But I do not see liberty as the necessary, natural and predestined consequence of socialism: I do not consider economics, politics and culture to be as mechanically interrelated as many Marxists seem to. Just as we have very different political regimes growing from the common soil of capitalist production, so too Russia warns us that, on the base of state socialist production, there can arise a culture of cannibals, a culture much inferior to the culture which bourgeois democracy had created.

Socialism rids us of one enemy of human liberty, but it can also introduce new ones, unknown to past history. And there is no formula which can protect us from these new enemies, no automatic mechanism, no constitutional guarantees. There is nothing, that is, which can force men to be free. Fortunately! Perhaps after I have finished writing the novel I am working on now I will try to write a “School of Liberty” as a sequel to the School of Dictators you already know.

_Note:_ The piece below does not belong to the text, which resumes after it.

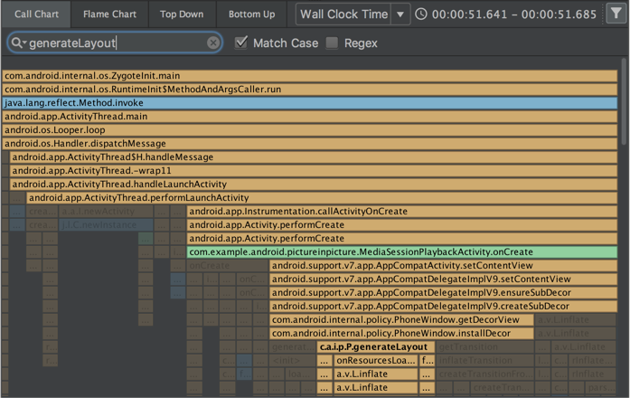 CPU প্রোফাইলার এবং মেমরি প্রোফাইলার একটি অনুসন্ধান বৈশিষ্ট্য অন্তর্ভুক্ত করে যা আপনাকে একটি পদ্ধতি ট্রেস, মেমরি বরাদ্দকরণ, বা হিপ ডাম্প রেকর্ডিং থেকে ফলাফল ফিল্টার করতে দেয়।

What is your opinion of contemporary left-wing literature?

Left-wing literature? You must admit that the expression is ambiguous. One should reserve the adjectives “left”, “right”, “centre” and their nuances for political parties and their propaganda.

However. I understand what you are referring to. There are a few great left-wing writers and there is a left-wing literary industry, nourished by, a left-wing literary-philistinism which has become especially abundant and vulgar since the Kremlin discovered literature as “instrumentum regni.”

Stalinism is really the horn-of-plenty of this literature. Writers find themselves flattered in all their vague aspirations and, into the bargain, they risk nothing. In a society where they were accustomed to being considered merely a luxury, they are now given the illusion of playing a leading role. They are called together in congresses, they sign appeals, they are “popularised”. All that is asked of them is that they approve everything the Party does — or at least that they do not disapprove in public. Nothing more!

There are also a good many writers, essentially bourgeois and reactionary in the quality of their writing, who conform to the etiquette of anti-fascism. Their hostility to fascism has this particular quality; they address themselves always to far distant regimes and have not a word to say about fascism and reaction in their own country. Truly, a platonic and tactful anti-fascism.

Their socialist convictions are also strictly export commodities: these writers are partisans of socialism in Russia but not in their own country. They are most eloquent about the victorious revolutions of the past — 1789, 1848, etc. — but are silent on the revolutionary tasks of our own epoch. Already this whole left-wing literary industry is going to pieces as a result of the collapse of “popular front” politics.

The true left-wing writers are distinguished by characteristics the very opposite of those I have just described. They are first of all and above all, opposed to fascism and reaction in their own country. They feel themselves bound in sympathy, first and foremost, with the working class and peasantry of their own country, and, through them, with the workers of every country in the world. They submit to no discipline beyond what every honest conscience and sincere thought provides of itself. And so, they will tell the truth to everyone, at all times, to enemies and to friends, even when the friends do not want to hear disagreeable truths.

Round One

Ignazio Silone: “My political faith”

I do not adhere to any system of philosophy, to any ideology, or to any orthodoxy. I think that all the ideological systems inherited from the last centuries, like the society that produced them, are in crisis at present — which does not mean that they do not contain some partial truth. I think that this has been the lot also of Marxism, in all of its variants. All metaphysics has lost its self-evidency.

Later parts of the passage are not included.